EXERCISE: This exercise calls for duplicating every entry below exactly, without the images.

========================================

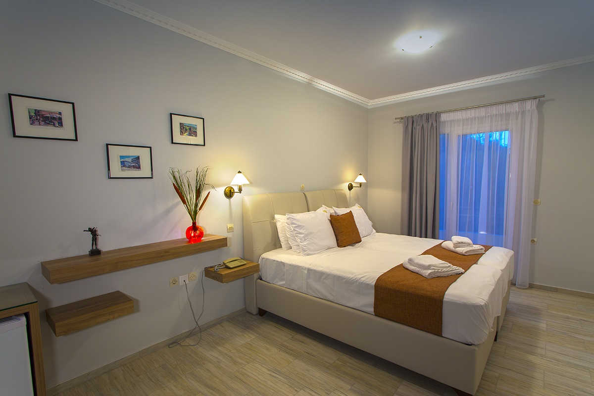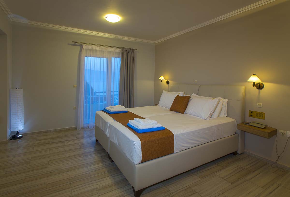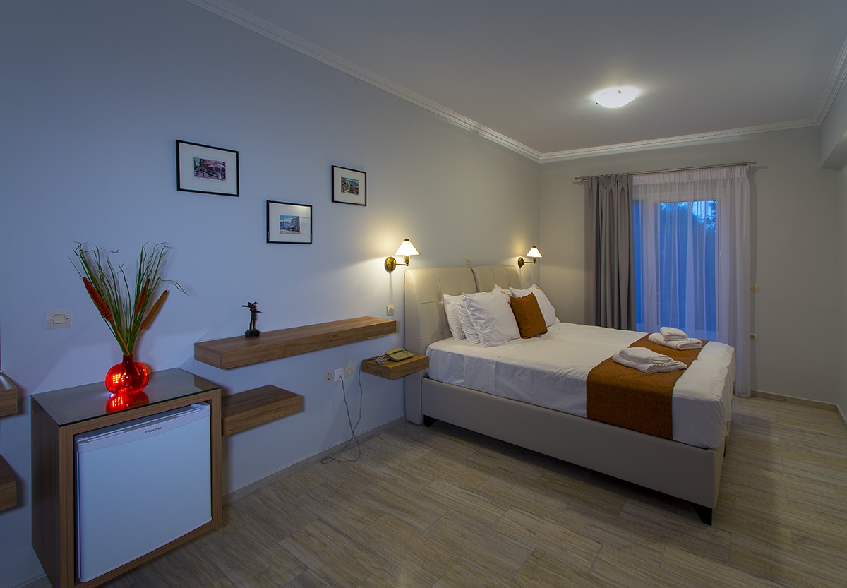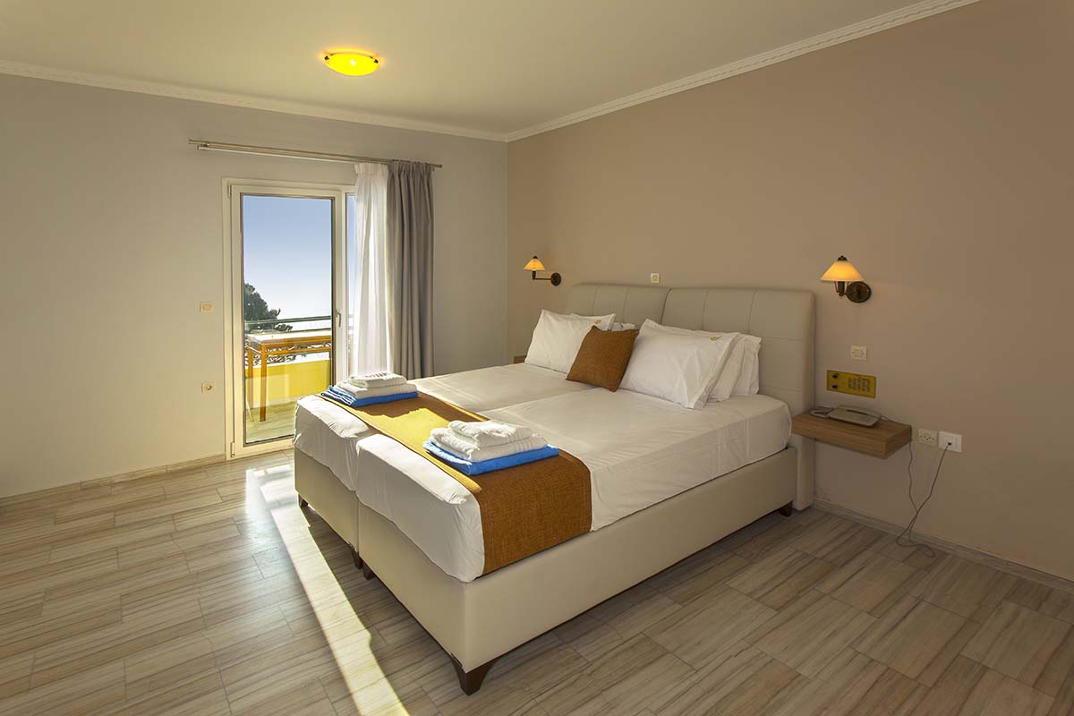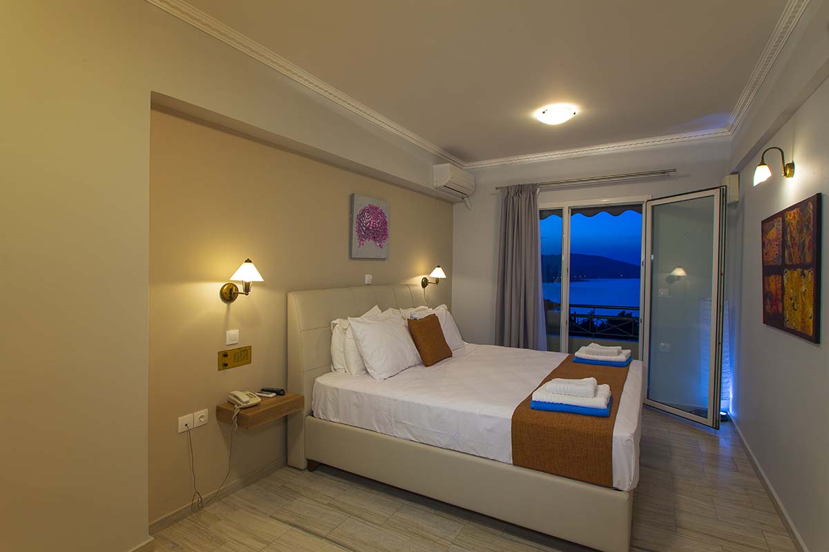 Gli alloggi  recentemente ristrutturato hanno una magnifica vista. Le camere sono attrezzate con letto matrimoniale o 2 letti singoli con divano letto, minibar, TV, aria condizionata. Tutte le camere sono dotate di balcone dove si può sedere, bere, mangiare spuntini e semplicemente godersi la spettacolare vista sul mare delle isole vicine, tra cui gli Scorpioni di proprietà della famiglia Onassis.
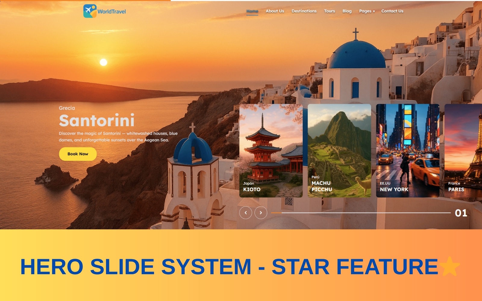 At the heart of WorldTravel is its cutting-edge Data JS-Powered Hero Slide System. This standout feature cements its reputation as a genuinely contemporary travel website template, enabling you to seamlessly update featured destinations from a single data file for an engaging, full-screen presentation. It’s crafted to transform visitors into clients, positioning it as more than just a typical tour and travel website template; it’s a dynamic platform to propel your business forward. This is the tour and travel website template designed to elevate your brand and effectively promote your unique offerings. Whether you’re a large corporation or a solo entrepreneur in need of a professional travel agent website template, WorldTravel serves as your foundation for growth and exploration.
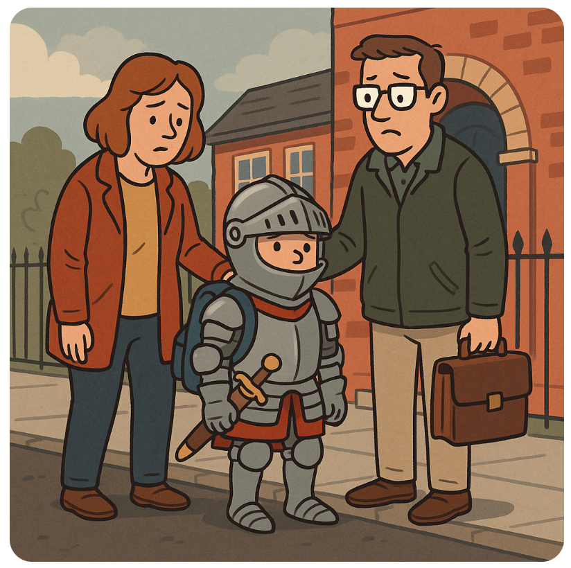 Because what child doesn’t dream of turning up to double maths dressed like a budget knight from a low-rent panto?
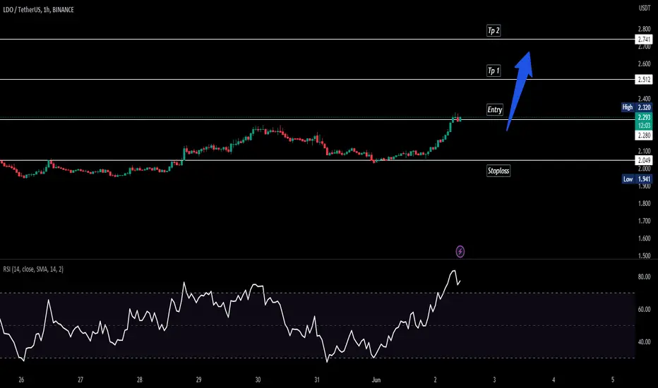 LDOUSDT IS potentially bullish. There is no divergence shown in RSI hopefully trend is going in the same direction
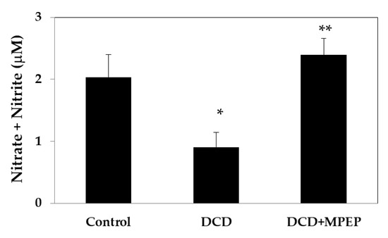 MPEP treatment increases nitrate plus nitrite (NOx) levels in DCD livers during cold storage (22 h in UW solution). Control animals underwent cold storage; in the DCD group, the livers, after 30 min warm ischemia, were submitted to cold storage. In the DCD-MPEP group, the drug (10 mg/Kg) was administered 30 min before the portal clamping and added to the UW-solution (3 µM). The results are reported as the mean ±SE. * p < 0.05 versus control; ** p < 0.05 versus DCD.
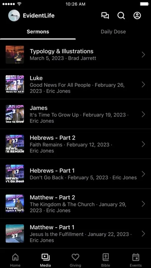 The Evident Life Church App is the perfect tool for an interactive experience at Evident Life Church. Features such as sermons, note-taking, prayer wall, and bible-reading plans are all available. Other features such as giving options, volunteer and event sign-ups are also provided.
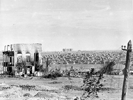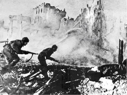 До 27 сентября 1942 г. яростная борьба шла за вокзал. 13 раз он переходит из рук в руки. Улицы и площади города превратились в арену кровопролитных боев, которые уже не затихали до окончания битвы. В районе площади имени Девятого января действовал 42-й полк 13-й гвардейской дивизии. Напряженные бои здесь продолжались более двух месяцев. Каменные здания – Дом сержанта Я. Ф. Павлова.
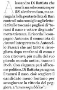 Alessandro Di Battista. Che nel comizio di chiusura della campagna elettorale a Bari a favore della candidata grillina alla presidenza della regione Puglia si è permesso di buttare “nel cesso” l’appello di Travaglio, appunto, al voto cosiddetto disgiunto: a favore del governatore uscente Michele Emiliano, del Pd, e dei candidati consiglieri della concorrente pentastellata Antonella Laricchia. Così dovrebbero fare gli elettori grillini, secondo il direttore del giornale che dà loro consigli per quanto non richiesti, della Toscana: un’altra regione ancora più clamorosamente in bilico nel turno elettorale di oggi e domani per la candidatura di disturbo della pentastellata Irene Grilletti a governatrice.

========================================

RESULT OF THIS EXERCISE:
 Gli alloggi  recentemente ristrutturato hanno una magnifica vista. Le camere sono attrezzate con letto matrimoniale o 2 letti singoli con divano letto, minibar, TV, aria condizionata. Tutte le camere sono dotate di balcone dove si può sedere, bere, mangiare spuntini e semplicemente godersi la spettacolare vista sul mare delle isole vicine, tra cui gli Scorpioni di proprietà della famiglia Onassis.
 At the heart of WorldTravel is its cutting-edge Data JS-Powered Hero Slide System. This standout feature cements its reputation as a genuinely contemporary travel website template, enabling you to seamlessly update featured destinations from a single data file for an engaging, full-screen presentation. It’s crafted to transform visitors into clients, positioning it as more than just a typical tour and travel website template; it’s a dynamic platform to propel your business forward. This is the tour and travel website template designed to elevate your brand and effectively promote your unique offerings. Whether you’re a large corporation or a solo entrepreneur in need of a professional travel agent website template, WorldTravel serves as your foundation for growth and exploration.
 Because what child doesn’t dream of turning up to double maths dressed like a budget knight from a low-rent panto?
 LDOUSDT IS potentially bullish. There is no divergence shown in RSI hopefully trend is going in the same direction
 MPEP treatment increases nitrate plus nitrite (NOx) levels in DCD livers during cold storage (22 h in UW solution). Control animals underwent cold storage; in the DCD group, the livers, after 30 min warm ischemia, were submitted to cold storage. In the DCD-MPEP group, the drug (10 mg/Kg) was administered 30 min before the portal clamping and added to the UW-solution (3 µM). The results are reported as the mean ±SE. * p < 0.05 versus control; ** p < 0.05 versus DCD.
 The Evident Life Church App is the perfect tool for an interactive experience at Evident Life Church. Features such as sermons, note-taking, prayer wall, and bible-reading plans are all available. Other features such as giving options, volunteer and event sign-ups are also provided.
 До 27 сентября 1942 г. яростная борьба шла за вокзал. 13 раз он переходит из рук в руки. Улицы и площади города превратились в арену кровопролитных боев, которые уже не затихали до окончания битвы. В районе площади имени Девятого января действовал 42-й полк 13-й гвардейской дивизии. Напряженные бои здесь продолжались более двух месяцев. Каменные здания – Дом сержанта Я. Ф. Павлова.
 Alessandro Di Battista. Che nel comizio di chiusura della campagna elettorale a Bari a favore della candidata grillina alla presidenza della regione Puglia si è permesso di buttare “nel cesso” l’appello di Travaglio, appunto, al voto cosiddetto disgiunto: a favore del governatore uscente Michele Emiliano, del Pd, e dei candidati consiglieri della concorrente pentastellata Antonella Laricchia. Così dovrebbero fare gli elettori grillini, secondo il direttore del giornale che dà loro consigli per quanto non richiesti, della Toscana: un’altra regione ancora più clamorosamente in bilico nel turno elettorale di oggi e domani per la candidatura di disturbo della pentastellata Irene Grilletti a governatrice.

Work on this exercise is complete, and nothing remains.